=== Section Start ===
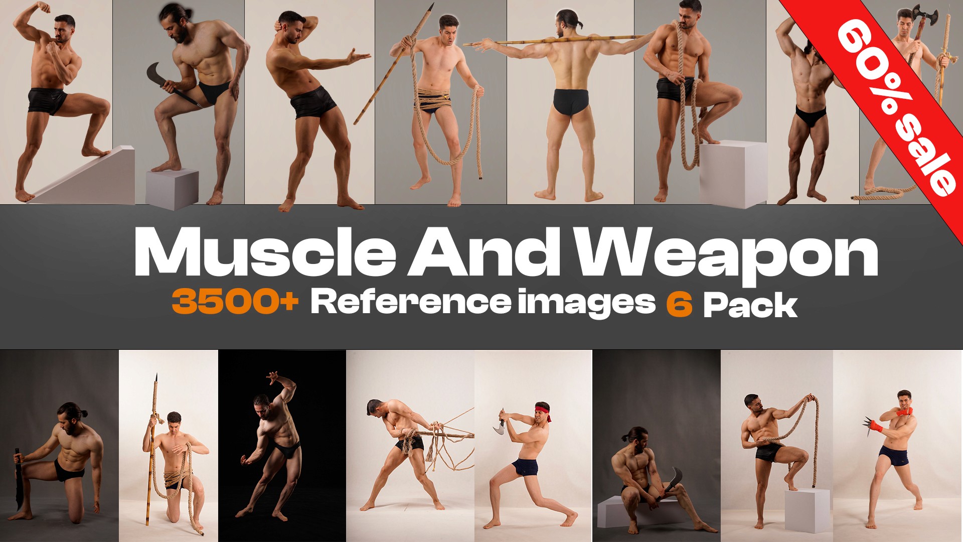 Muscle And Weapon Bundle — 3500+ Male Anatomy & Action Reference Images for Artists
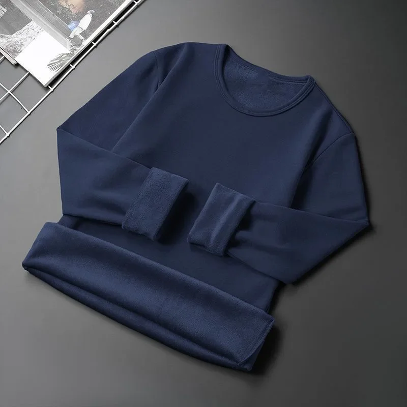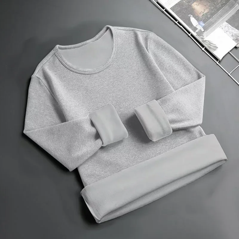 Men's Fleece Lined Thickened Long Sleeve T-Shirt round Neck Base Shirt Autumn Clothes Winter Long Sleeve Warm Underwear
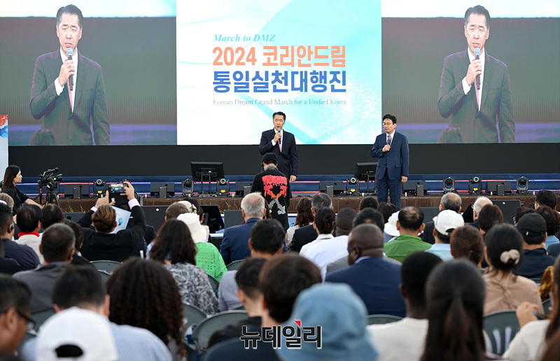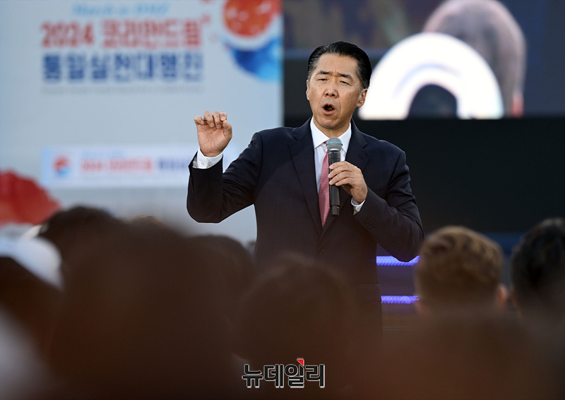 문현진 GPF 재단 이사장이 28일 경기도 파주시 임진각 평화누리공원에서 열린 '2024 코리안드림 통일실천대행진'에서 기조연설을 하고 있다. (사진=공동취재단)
=== Section End ===
■ WHAT TO PRODUCE: Give back word for word the lines from the one containing "Men's Fleece Lined" through the final line of the data above. Pictures are to be left out.

■ PROBLEM SOLUTION:
 Men's Fleece Lined Thickened Long Sleeve T-Shirt round Neck Base Shirt Autumn Clothes Winter Long Sleeve Warm Underwear
 문현진 GPF 재단 이사장이 28일 경기도 파주시 임진각 평화누리공원에서 열린 '2024 코리안드림 통일실천대행진'에서 기조연설을 하고 있다. (사진=공동취재단)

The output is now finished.